## Try it
Would you transcribe each entry exactly as it stands, omitting the pictures?

[Data records]
*** Begin section ***

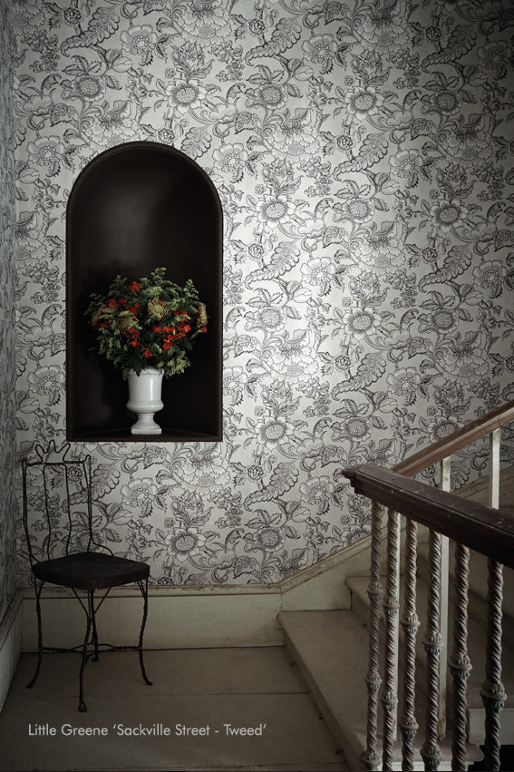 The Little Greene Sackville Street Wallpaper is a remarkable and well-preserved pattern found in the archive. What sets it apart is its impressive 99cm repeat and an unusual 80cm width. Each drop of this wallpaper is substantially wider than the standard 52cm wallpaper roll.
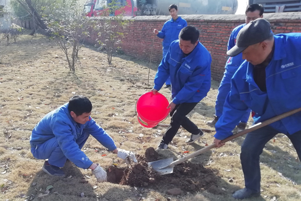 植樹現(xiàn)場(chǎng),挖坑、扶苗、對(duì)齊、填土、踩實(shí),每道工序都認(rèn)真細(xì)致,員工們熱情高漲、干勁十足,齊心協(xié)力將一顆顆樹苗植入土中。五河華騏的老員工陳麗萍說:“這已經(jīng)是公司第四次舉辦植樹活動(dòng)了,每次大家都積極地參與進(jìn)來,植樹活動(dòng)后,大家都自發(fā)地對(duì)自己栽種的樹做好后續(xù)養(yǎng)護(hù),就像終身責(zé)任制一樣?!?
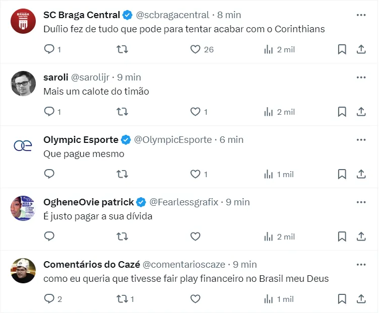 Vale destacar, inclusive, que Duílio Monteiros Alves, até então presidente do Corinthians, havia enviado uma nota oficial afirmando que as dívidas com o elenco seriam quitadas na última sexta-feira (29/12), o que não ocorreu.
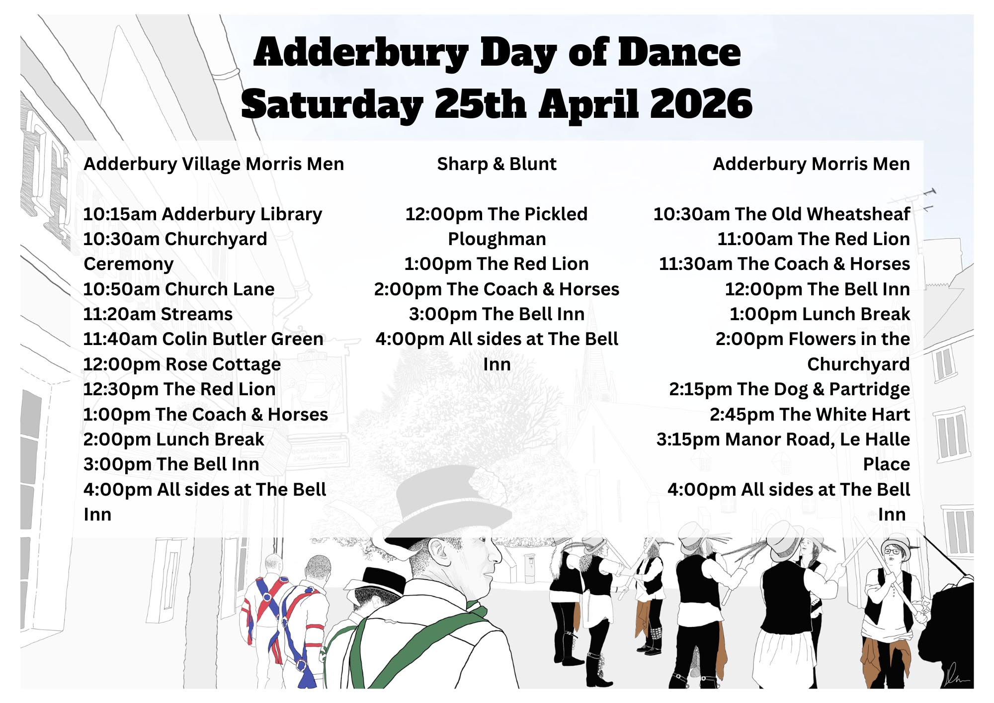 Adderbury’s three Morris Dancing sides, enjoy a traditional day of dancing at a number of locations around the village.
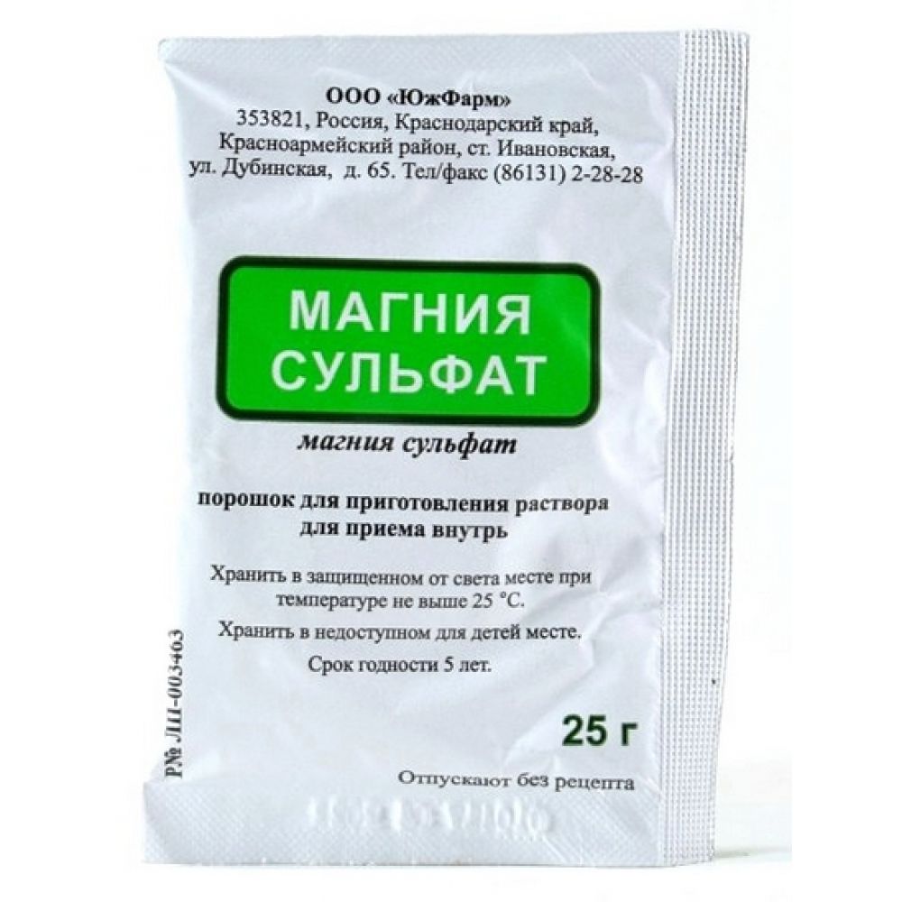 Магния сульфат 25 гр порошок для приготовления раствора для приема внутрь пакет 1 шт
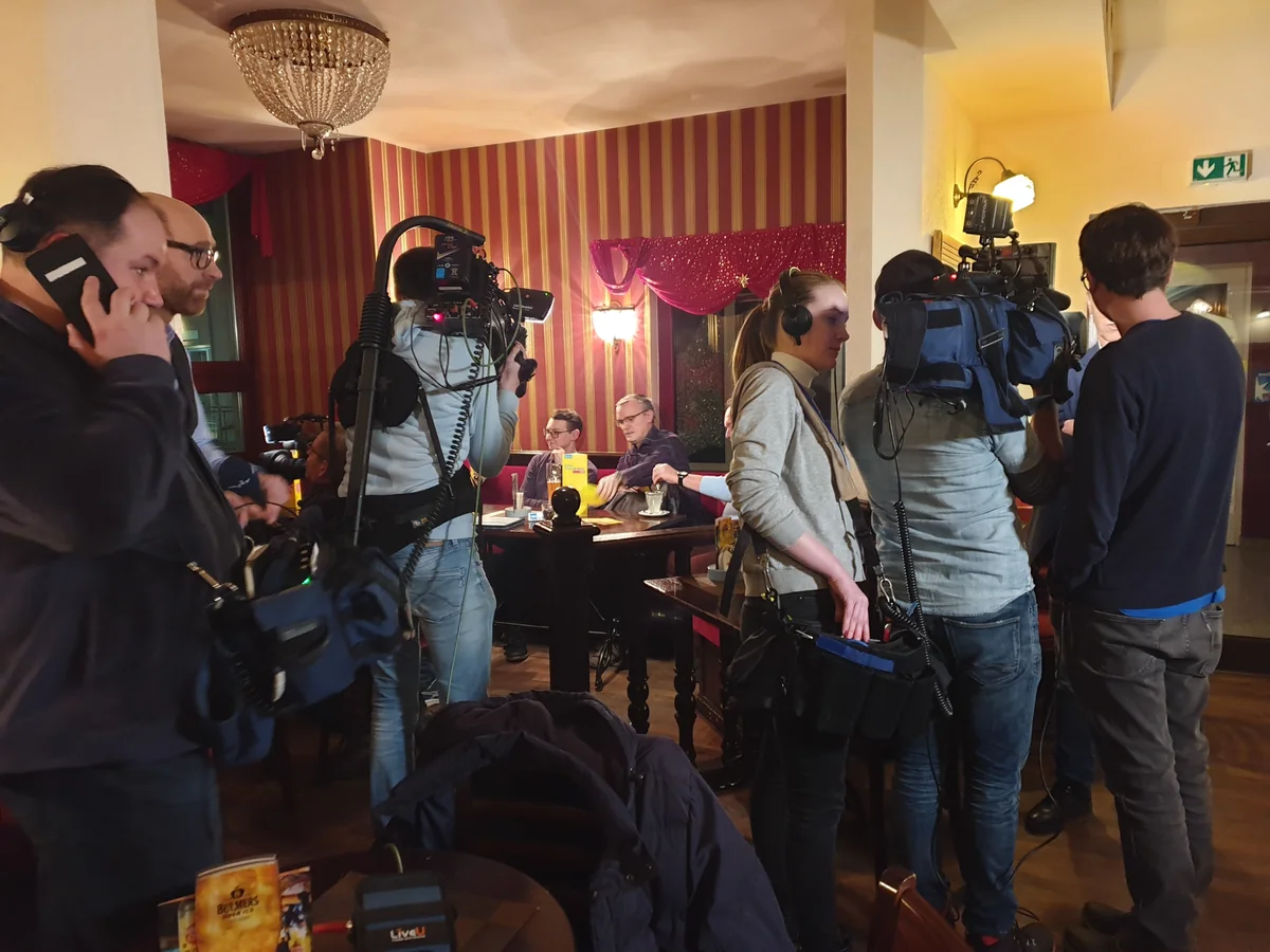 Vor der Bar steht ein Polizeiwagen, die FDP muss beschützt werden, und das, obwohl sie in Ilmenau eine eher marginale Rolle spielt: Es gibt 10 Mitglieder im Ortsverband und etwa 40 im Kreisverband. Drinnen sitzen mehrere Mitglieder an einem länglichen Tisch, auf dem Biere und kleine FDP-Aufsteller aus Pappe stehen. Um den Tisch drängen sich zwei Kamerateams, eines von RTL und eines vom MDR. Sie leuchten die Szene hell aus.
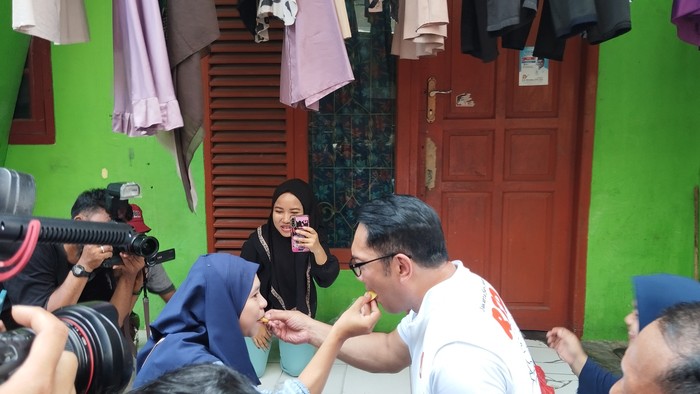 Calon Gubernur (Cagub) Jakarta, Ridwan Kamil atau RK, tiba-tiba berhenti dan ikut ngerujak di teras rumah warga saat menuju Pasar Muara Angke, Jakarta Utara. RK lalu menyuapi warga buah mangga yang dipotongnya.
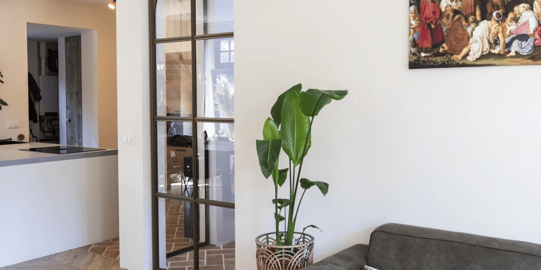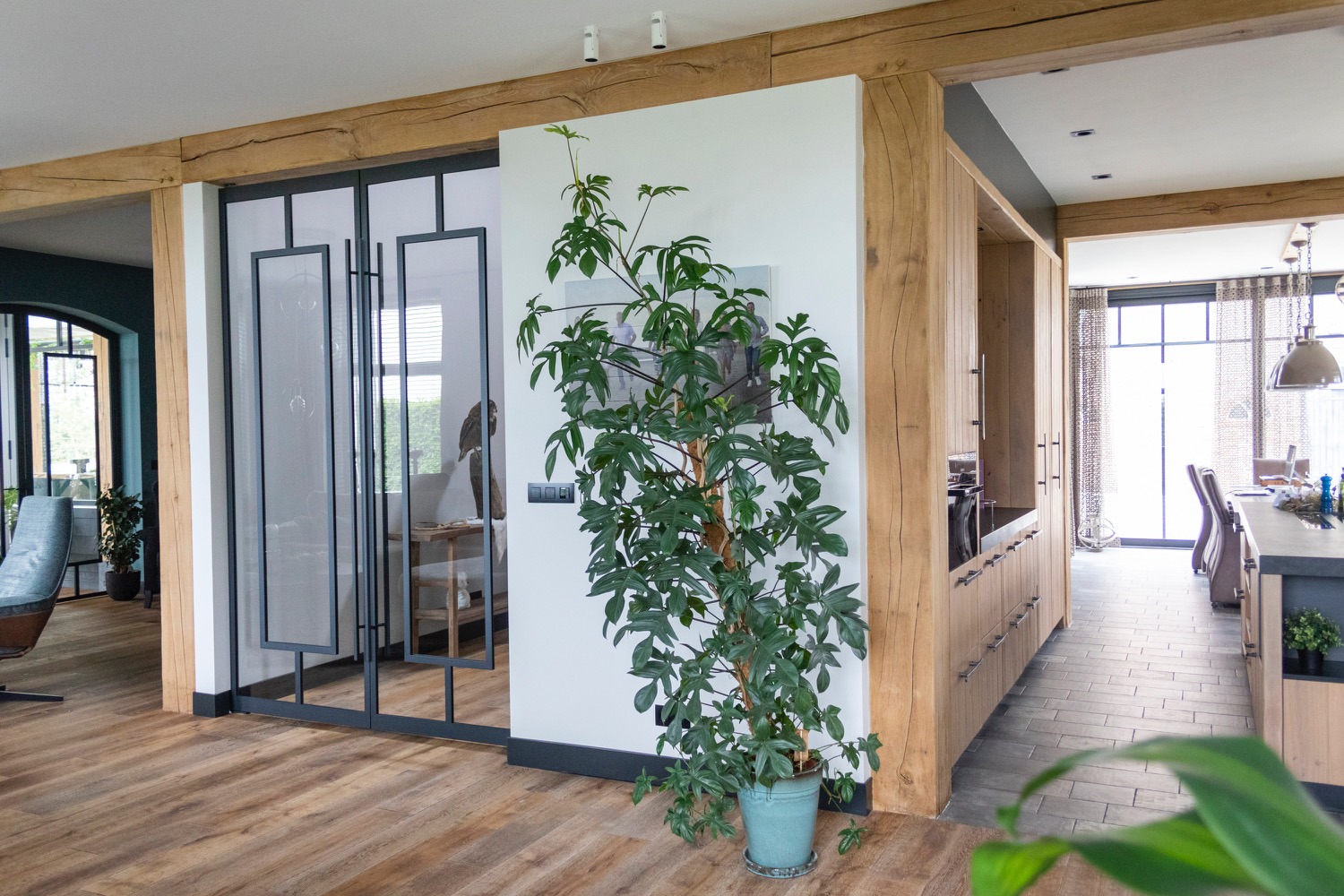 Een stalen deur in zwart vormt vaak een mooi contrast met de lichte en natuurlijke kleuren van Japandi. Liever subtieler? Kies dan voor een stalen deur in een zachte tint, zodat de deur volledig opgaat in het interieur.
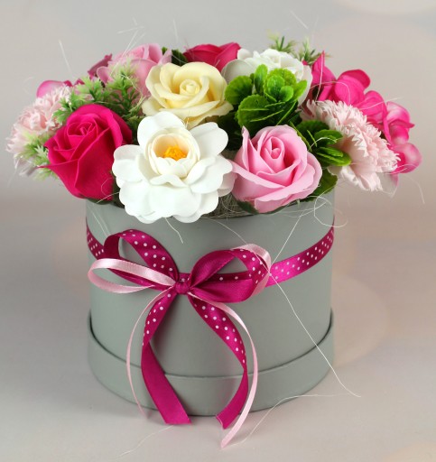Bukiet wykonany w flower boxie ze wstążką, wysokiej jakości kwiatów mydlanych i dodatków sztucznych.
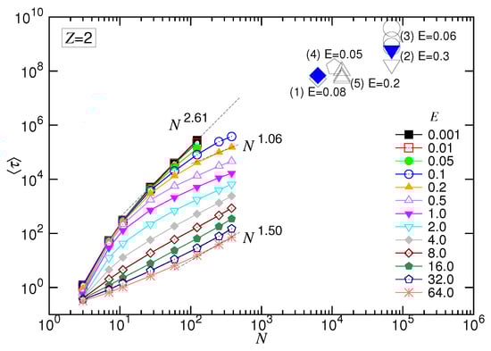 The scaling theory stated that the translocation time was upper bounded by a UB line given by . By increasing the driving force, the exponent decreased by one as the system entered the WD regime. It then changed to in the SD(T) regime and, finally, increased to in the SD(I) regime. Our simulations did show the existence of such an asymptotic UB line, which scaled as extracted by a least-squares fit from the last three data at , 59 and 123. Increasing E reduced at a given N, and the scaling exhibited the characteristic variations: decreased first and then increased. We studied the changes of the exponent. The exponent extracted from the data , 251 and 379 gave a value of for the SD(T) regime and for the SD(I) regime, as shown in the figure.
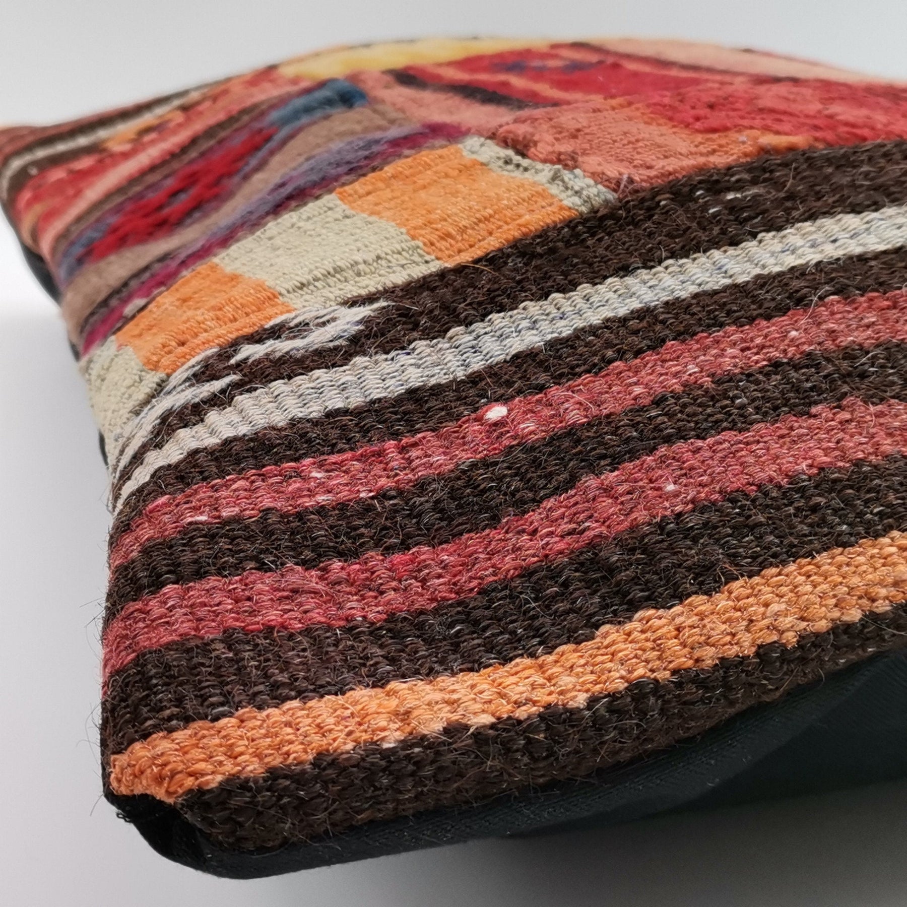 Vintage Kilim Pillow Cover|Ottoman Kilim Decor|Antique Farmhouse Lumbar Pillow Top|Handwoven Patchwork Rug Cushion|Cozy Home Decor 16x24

*** End section ***

## Solution
 The Little Greene Sackville Street Wallpaper is a remarkable and well-preserved pattern found in the archive. What sets it apart is its impressive 99cm repeat and an unusual 80cm width. Each drop of this wallpaper is substantially wider than the standard 52cm wallpaper roll.
 植樹現(xiàn)場(chǎng),挖坑、扶苗、對(duì)齊、填土、踩實(shí),每道工序都認(rèn)真細(xì)致,員工們熱情高漲、干勁十足,齊心協(xié)力將一顆顆樹苗植入土中。五河華騏的老員工陳麗萍說:“這已經(jīng)是公司第四次舉辦植樹活動(dòng)了,每次大家都積極地參與進(jìn)來,植樹活動(dòng)后,大家都自發(fā)地對(duì)自己栽種的樹做好后續(xù)養(yǎng)護(hù),就像終身責(zé)任制一樣?!?
 Vale destacar, inclusive, que Duílio Monteiros Alves, até então presidente do Corinthians, havia enviado uma nota oficial afirmando que as dívidas com o elenco seriam quitadas na última sexta-feira (29/12), o que não ocorreu.
 Adderbury’s three Morris Dancing sides, enjoy a traditional day of dancing at a number of locations around the village.
 Магния сульфат 25 гр порошок для приготовления раствора для приема внутрь пакет 1 шт
 Vor der Bar steht ein Polizeiwagen, die FDP muss beschützt werden, und das, obwohl sie in Ilmenau eine eher marginale Rolle spielt: Es gibt 10 Mitglieder im Ortsverband und etwa 40 im Kreisverband. Drinnen sitzen mehrere Mitglieder an einem länglichen Tisch, auf dem Biere und kleine FDP-Aufsteller aus Pappe stehen. Um den Tisch drängen sich zwei Kamerateams, eines von RTL und eines vom MDR. Sie leuchten die Szene hell aus.
 Calon Gubernur (Cagub) Jakarta, Ridwan Kamil atau RK, tiba-tiba berhenti dan ikut ngerujak di teras rumah warga saat menuju Pasar Muara Angke, Jakarta Utara. RK lalu menyuapi warga buah mangga yang dipotongnya.
 Een stalen deur in zwart vormt vaak een mooi contrast met de lichte en natuurlijke kleuren van Japandi. Liever subtieler? Kies dan voor een stalen deur in een zachte tint, zodat de deur volledig opgaat in het interieur.
Bukiet wykonany w flower boxie ze wstążką, wysokiej jakości kwiatów mydlanych i dodatków sztucznych.
 The scaling theory stated that the translocation time was upper bounded by a UB line given by . By increasing the driving force, the exponent decreased by one as the system entered the WD regime. It then changed to in the SD(T) regime and, finally, increased to in the SD(I) regime. Our simulations did show the existence of such an asymptotic UB line, which scaled as extracted by a least-squares fit from the last three data at , 59 and 123. Increasing E reduced at a given N, and the scaling exhibited the characteristic variations: decreased first and then increased. We studied the changes of the exponent. The exponent extracted from the data , 251 and 379 gave a value of for the SD(T) regime and for the SD(I) regime, as shown in the figure.
 Vintage Kilim Pillow Cover|Ottoman Kilim Decor|Antique Farmhouse Lumbar Pillow Top|Handwoven Patchwork Rug Cushion|Cozy Home Decor 16x24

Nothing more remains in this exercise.